- Born: 1 September 1944 (age 81) Rajasthan, India
- Education: Rajasthan University; Agra University; Institute of Molecular Biology, Syntex Research; Massachusetts Institute of Technology;
- Known for: Studies on transbilayer phospholipid asymmetry in biological membranes
- Awards: 1974 INSA Young Scientists Medal 1985 Shanti Swarup Bhatnagar Prize 1985 Ranbaxy Research Foundation Award 1995 FICCI Award 1999 Om Prakash Bhasin Award 2000 Goyal Prize 2001 INSA Golden Jubilee Commemoration Medal
- Scientific career
- Fields: Membrane biology; Bioorganic chemistry;
- Workplaces: Central Drug Research Institute; Institute of Microbial Technology;
- Doctoral advisor: Nitya Anand Har Gobind Khorana
- Doctoral students: Vinod Bhakuni

= C. M. Gupta =

Indian molecular biologist (born 1944)

Chhitar Mal Gupta (born 1944) is an Indian molecular biologist and academic, known for researches on transbilayer phospholipid asymmetry in biological membranes., drug targeting in parasitic diseases and characterization of structure and function of Leishmania actin and actin binding proteins. He is former director of the Central Drug Research Institute, Lucknow and the Institute of Microbial Technology, Chandigarh. A Distinguished Biotechnology Fellow and Distinguished Biotechnology Research Professor of the Department of Biotechnology, Government of India, he is an elected fellow of The World Academy of Sciences, Indian Academy of Sciences, Indian National Science Academy, National Academy of Sciences, India and the National Academy of Medical Sciences. The Council of Scientific and Industrial Research, the apex agency of the Government of India for scientific research, awarded him the Shanti Swarup Bhatnagar Prize for Science and Technology, one of the highest Indian science awards, in 1985, for his contributions to biological sciences.

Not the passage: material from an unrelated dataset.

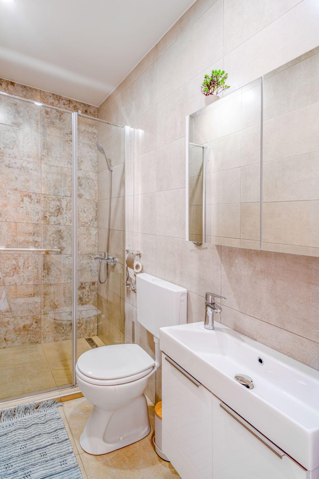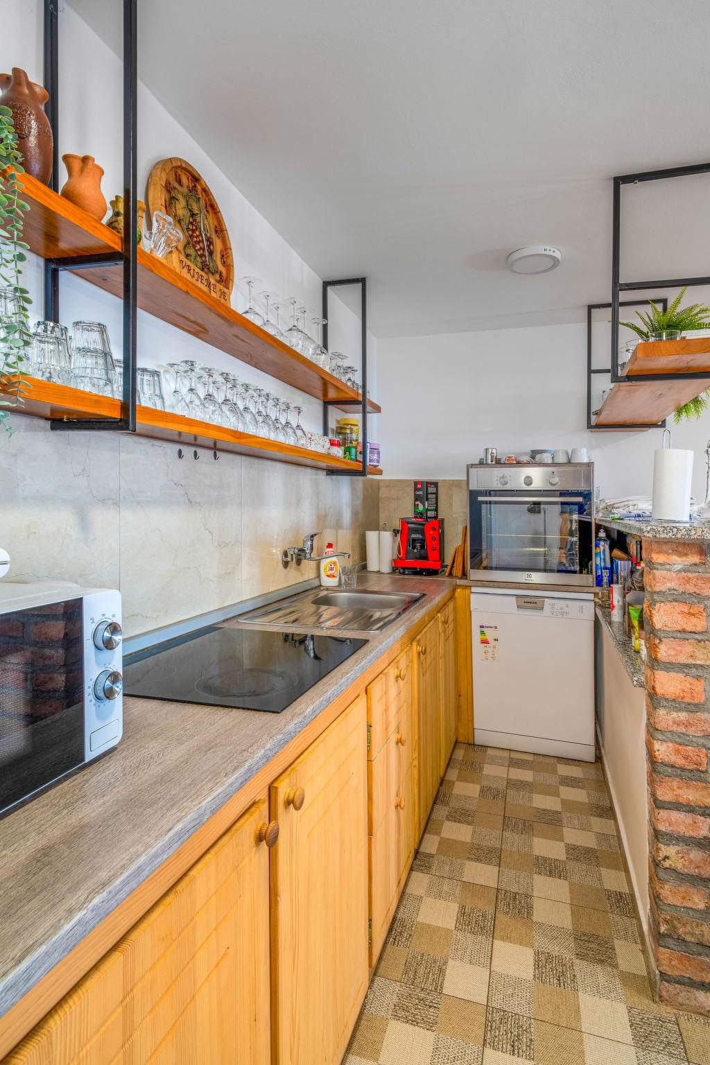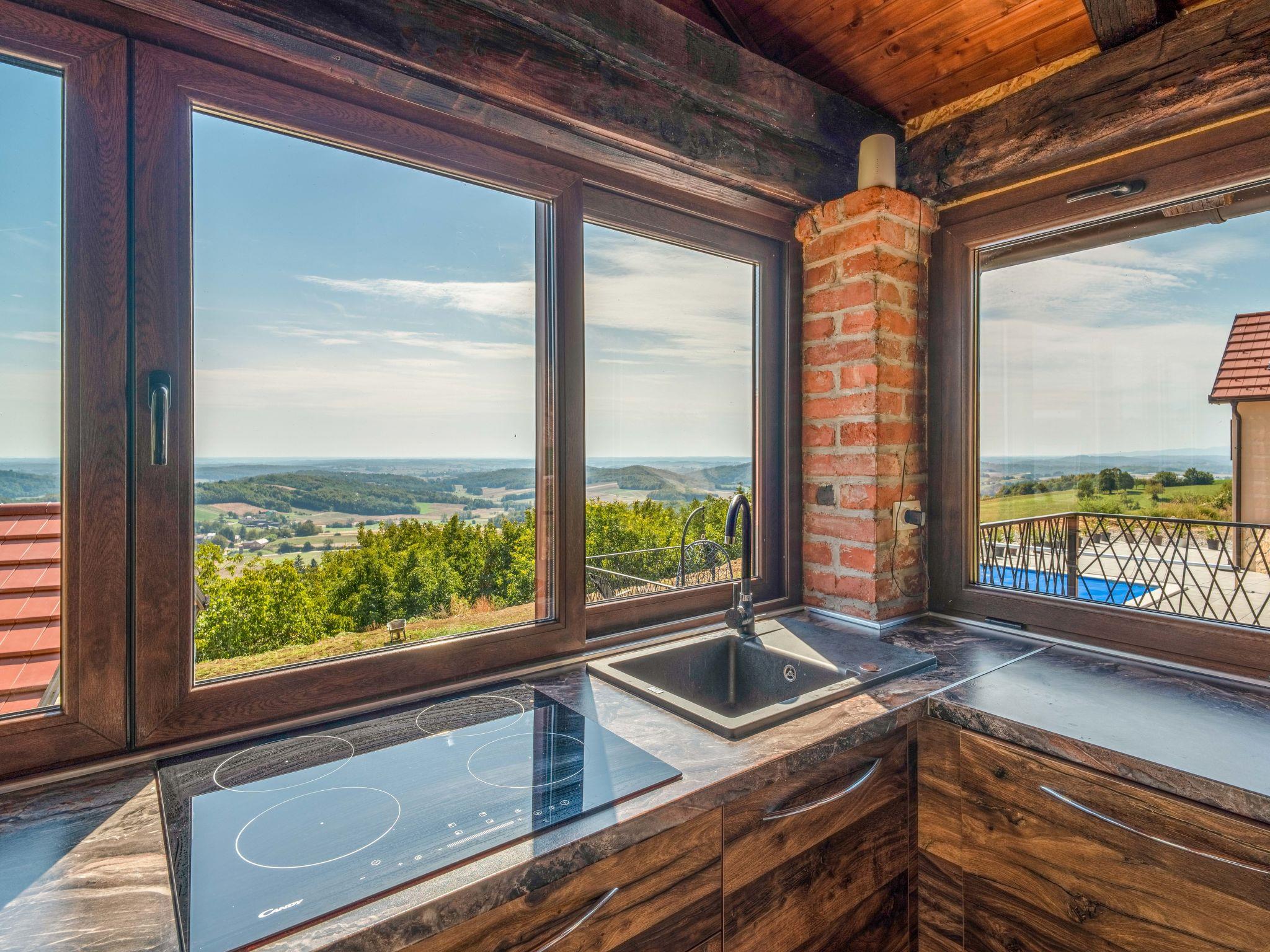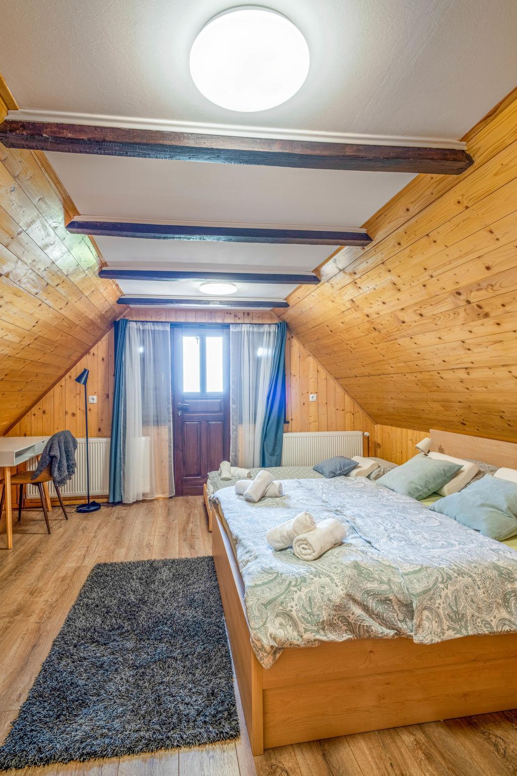 Kalnik 16 km from Križevci: Cosy, rustic single-family house "Vila Breg 1", 3 storeys. 42 km from the centre of Varaždin, 69 km from the centre of Zagreb, on a slope. For shared use: property 5'000 m2 with lawn 1'000 m2, trees, swimming pool angular heated (8 x 4 m, depth 145 cm, seasonal availability: 15.Apr. - 14.Oct.) with salt water, internal staircase and salt-electrolysis pool-cleaning system. Shower/WC in the pool area, outdoor shower, hot tub, table tennis, terrace (20 m2), garden furniture, barbecue house, children's playground (slide, swing), pool maintenance by the owner/gardener. In the complex: internet access, sauna, table football. Steep motor access to the house (100 m via unmade road). Parking (for 2 cars) at the house on the premises. Shop 2.5 km, restaurant 3.5 km, café 2.7 km, bicycle rental 3.3 km, bus stop 1 km. Walking paths from the house 50 m. Nearby attractions: Old town Veliki Kalnik 3.6 km, Varaždinske toplice 33 km. Please note: Property ref. HR1740.701.1 is situated on the same property.

==Education and research==
Gupta graduated in medicinal chemistry from the Central Drug Research Institute, Lucknow, India with the degrees MSc and PhD. He served as the director of the Institute of Microbial Technology, Chandigarh for five years, and director of the Central Drug Research Institute (CDRI), Lucknow for over ten years.

After his superannuation, he continued to work at CDRI first as distinguished biotechnologist and then as distinguished biotechnology research professor up to the age of 70 years, and thereafter, he joined the Institute of Bioinformatics & Applied Biotechnology in Bengaluru, Karnataka, where he is still working first as Distinguished Professor( Hon.) & Infosys Chair till August 31, 2024 and thereafter as Emeritus Professor. . His areas of specialization are membrane biochemistry/biophysics and medicinal & pharmaceutical chemistry.

He has extensively contributed in the areas of drug targeting in parasitic diseases and membrane phospholipids transbilayer dynamics, and is working on elucidation of actin cytoskeletal network in Leishmania. These studies have resulted in publication of about 136 original research papers, 10 review articles, 5 book chapters and 6 patents. Besides this, he is also responsible for planning, design and initiating construction of new campus at the Sitapur Road for CDRI. He has received several honors and awards and has served as a member of a number of important national and international committees. He along with CDRI scientists have been accused of attempted fraud bid for a clinical isolates that was published in an International journal.

== Awards and honors ==
The Indian National Science Academy awarded Gupta the Young Scientists Medal in 1974. He received the Shanti Swarup Bhatnagar Prize in 1985, the same year as he received the Ranbaxy Research Foundation Award. He has also received the FICCI Award (1994–95), Om Prakash Bhasin Award (1999), Goyal Prize (2000) and the Golden Jubilee Commemoration Medal (2001) of the Indian National Science Academy.

The Indian Academy of Sciences elected him as a fellow in 1987 and the Indian National Science Academy followed suit in 1989. Two years later, the National Academy of Sciences, India elected him as their fellow. With his election in 2000, Gupta became one of the few people from outside medical profession to be elected as a fellow of the National Academy of Medical Sciences. The same year, The World Academy of Sciences also elected him as a fellow.